Claude Code treats an `ANTHROPIC_BASE_URL` gateway as an Anthropic-format endpoint and sends it the beta headers and request body fields it sends to `api.anthropic.com`, except a small set of diagnostics and defaults reserved for direct connections.

Capabilities that add body fields pair them with a beta header, and the pair travels together. A gateway that strips the header while passing the body, or forwards an Anthropic-format body to an upstream with a different schema, produces hard `400` errors; only when both halves are absent together does the feature turn off quietly. A gateway that rewrites or redacts request bodies for content inspection breaks the pairing the same way stripping does, so inspect without modifying. The table notes where a feature deviates from the pairing.

Fine-grained tool streaming is one of the direct-connection defaults: it is off by default whenever requests route through a custom base URL, and a gateway receives it when developers set [`CLAUDE_CODE_ENABLE_FINE_GRAINED_TOOL_STREAMING=1`](/en/env-vars).

| Feature                                                                                                                                                                                                                                    | Header and body pair                                                                                                                                                                                        | Symptom when broken                                                                                                               | Remediation                                                                                                            |
| :----------------------------------------------------------------------------------------------------------------------------------------------------------------------------------------------------------------------------------------- | :---------------------------------------------------------------------------------------------------------------------------------------------------------------------------------------------------------- | :-------------------------------------------------------------------------------------------------------------------------------- | :--------------------------------------------------------------------------------------------------------------------- |
| [Adaptive reasoning](/en/model-config#adjust-effort-level)                                                                                                                                                                                 | No beta header. Claude Code sends `thinking: {"type": "adaptive"}` for Claude 4.6 and later, and treats model names it doesn't recognize, such as gateway aliases, as current models that receive the field | `400` naming the `thinking` field or the `adaptive` tag when the upstream model build doesn't accept it                           | Upgrade the upstream.
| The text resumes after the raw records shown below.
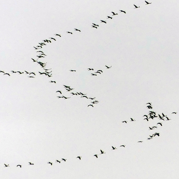 Overhead the cranes were on their loud way south, moving forward ’cause they can’t fly backwards.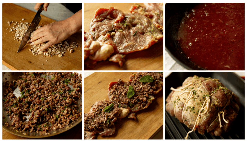 To assemble: Unfurl the meat and spread a layer of stuffing along its surface, leaving a bit of space along the edges. Roll and tie with kitchen string. Roast for 30 minutes at 425 F, then turn the heat down to 350 and continue cooking until the internal temperature reaches 140, about 30 more minutes. Rest for 30 minutes before slicing, and serve with additional red wine sauce and mint for garnish.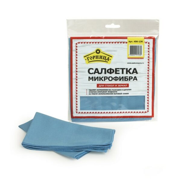 Салфетка микрофибра 35*35см голубая для стекол Горница /50/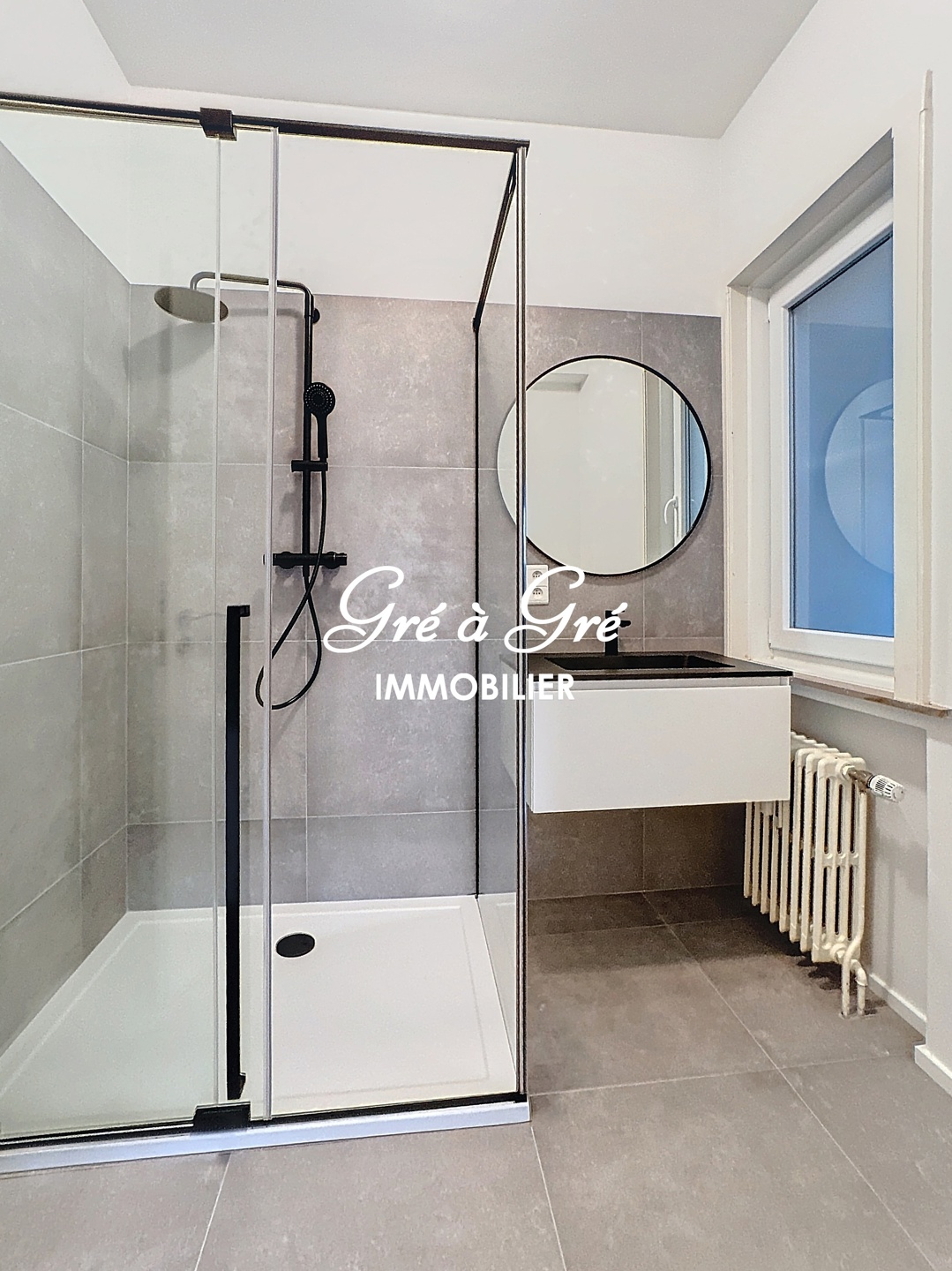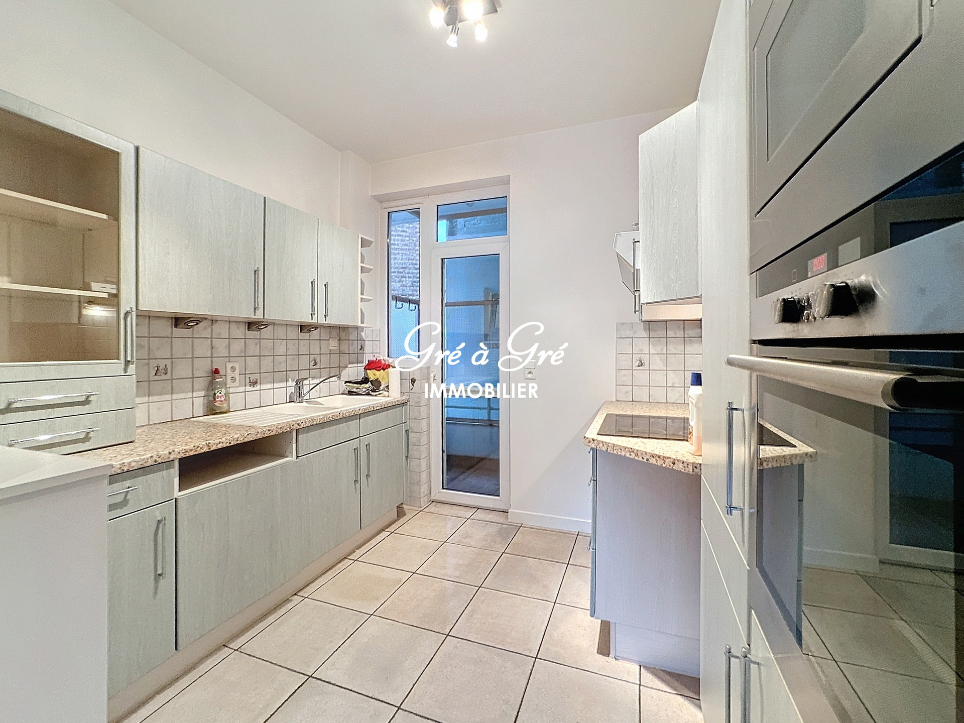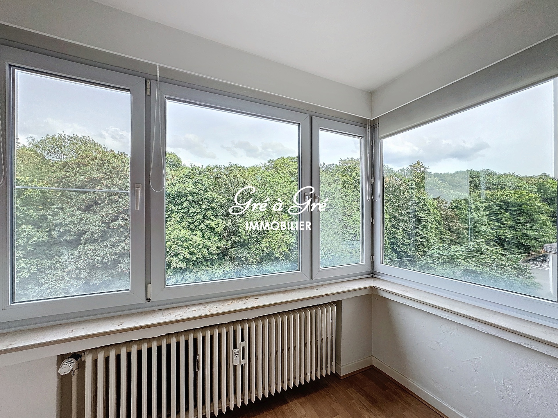 Hall d'entrée avec porte blindée, séjour avec vue sur le bois, cuisine hyper équipée (hotte, taques électriques, frigo, congélateur séparé, lfour et lave-vaisselle neuf) avec balcon (1,5m²), toilette, hall de nuit avec placards, 2 chambres (15m² et 11m²) avec vue arrière sur les jardins, salle de bain avec wc, salle de douches, buanderie. Cave. Charges: provision communs et chauffage. 1ère occupation après rénovation. Bail long terme souhaité. Libre.

On Opus 4.6 and Sonnet 4.6, developers can set `CLAUDE_CODE_DISABLE_ADAPTIVE_THINKING=1` instead |
| [Context management](https://platform.claude.com/docs/en/build-with-claude/context-management)                                                                                                                                             | Context management beta header pairs with the `context_management` body field                                                                                                                               | `400` with `Extra inputs are not permitted`. Common when a gateway accepts Anthropic-format requests but forwards them to Bedrock | Forward both, or [`CLAUDE_CODE_DISABLE_EXPERIMENTAL_BETAS=1`](/en/env-vars)                                            |
| [Extended context](https://platform.claude.com/docs/en/build-with-claude/context-windows#1m-token-context-window) and [interleaved thinking](https://platform.claude.com/docs/en/build-with-claude/extended-thinking#interleaved-thinking) | Beta headers only, no body field                                                                                                                                                                            | Silently unavailable when the header is stripped; the upstream never sees the capability request                                  | Forward `anthropic-beta` verbatim                                                                                      |
| Beta [tool fields](https://platform.claude.com/docs/en/agents-and-tools/tool-use/overview)                                                                                                                                                 | Tool-related beta headers pair with tool schema fields such as `strict` and `defer_loading`                                                                                                                 | `400` naming the unrecognized tool schema field when the body passes through without its header                                   | Forward both, or `CLAUDE_CODE_DISABLE_EXPERIMENTAL_BETAS=1`                                                            |
| [Effort](https://platform.claude.com/docs/en/build-with-claude/effort) and [structured outputs](https://platform.claude.com/docs/en/build-with-claude/structured-outputs)                                                                  | The `output_config` body field carries effort, structured-output format, and task budget settings; each pairs with its own beta header                                                                      | `400` naming `output_config`, often `Extra inputs are not permitted`, on Bedrock and Vertex upstreams                             | Forward the field and its headers together                                                                             |
| [Token counting](https://platform.claude.com/docs/en/build-with-claude/token-counting)                                                                                                                                                     | No beta pairing; uses the `count_tokens` endpoint                                                                                                                                                           | Claude Code falls back to estimating context usage locally                                                                        | Expose the endpoint if you want exact counts                                                                           |

The `ANTHROPIC_DEFAULT_*_MODEL_SUPPORTED_CAPABILITIES` [variables](/en/model-config) declare model capabilities only in the provider configurations: `CLAUDE_CODE_USE_BEDROCK`, `CLAUDE_CODE_USE_VERTEX`, `CLAUDE_CODE_USE_FOUNDRY`, and [`CLAUDE_CODE_USE_MANTLE`](/en/amazon-bedrock#use-the-mantle-endpoint). They have no effect behind an `ANTHROPIC_BASE_URL` gateway.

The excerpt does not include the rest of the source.